#### REQUIRED WORK:
The data below should be restated word for word, pictures omitted.

#### PROVIDED DATA:
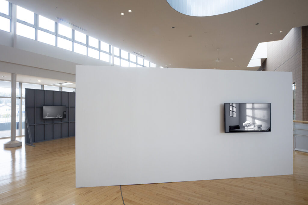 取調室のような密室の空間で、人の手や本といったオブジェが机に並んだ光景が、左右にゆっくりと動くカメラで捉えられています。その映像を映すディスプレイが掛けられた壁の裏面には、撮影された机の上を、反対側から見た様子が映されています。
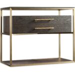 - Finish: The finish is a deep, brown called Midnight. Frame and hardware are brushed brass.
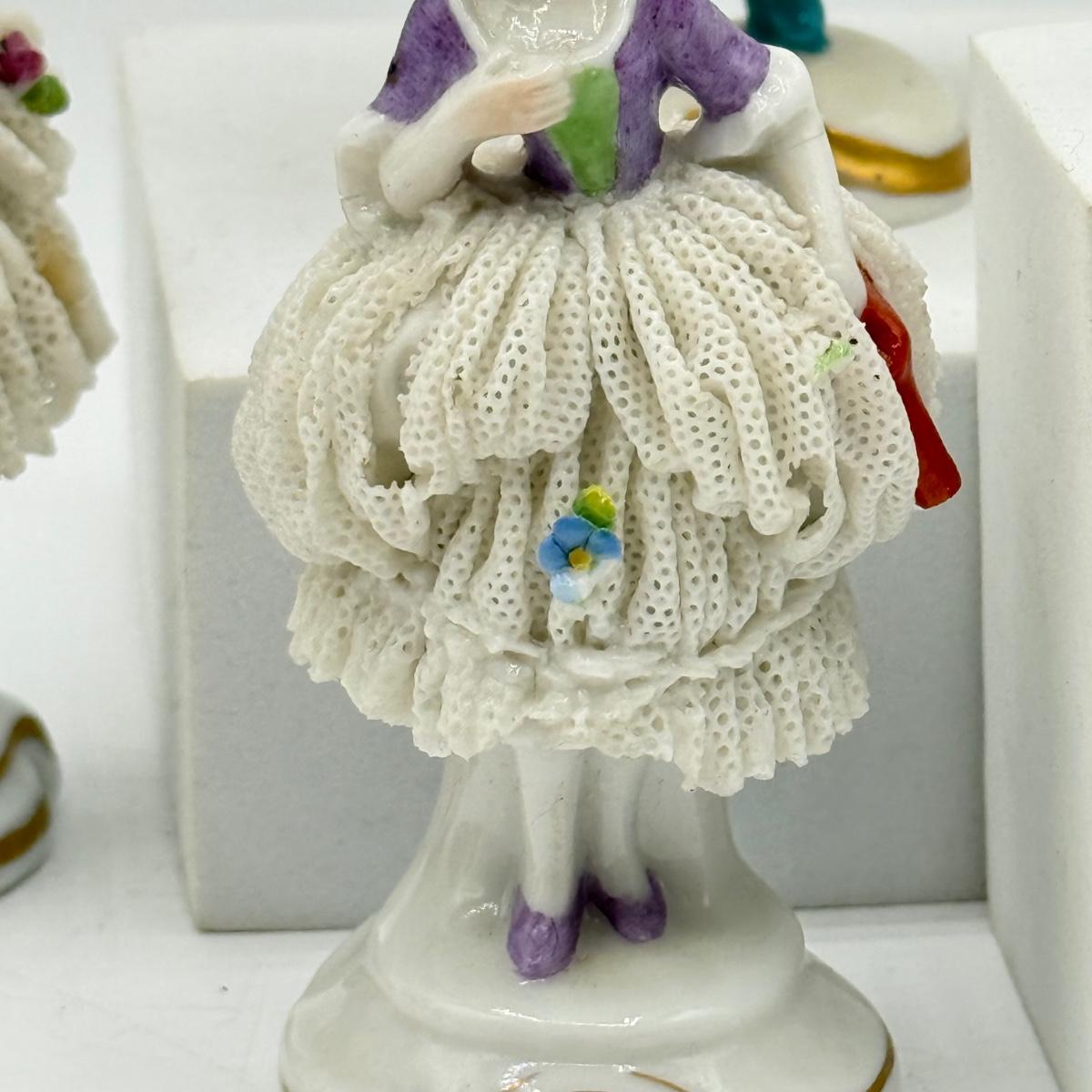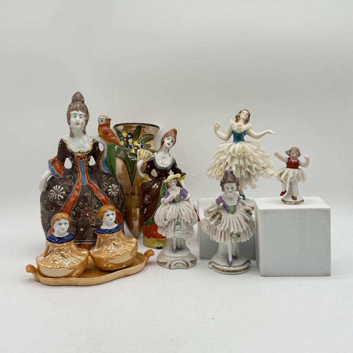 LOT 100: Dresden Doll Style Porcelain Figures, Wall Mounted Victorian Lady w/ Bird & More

#### WORKED SOLUTION:
 取調室のような密室の空間で、人の手や本といったオブジェが机に並んだ光景が、左右にゆっくりと動くカメラで捉えられています。その映像を映すディスプレイが掛けられた壁の裏面には、撮影された机の上を、反対側から見た様子が映されています。
 - Finish: The finish is a deep, brown called Midnight. Frame and hardware are brushed brass.
 LOT 100: Dresden Doll Style Porcelain Figures, Wall Mounted Victorian Lady w/ Bird & More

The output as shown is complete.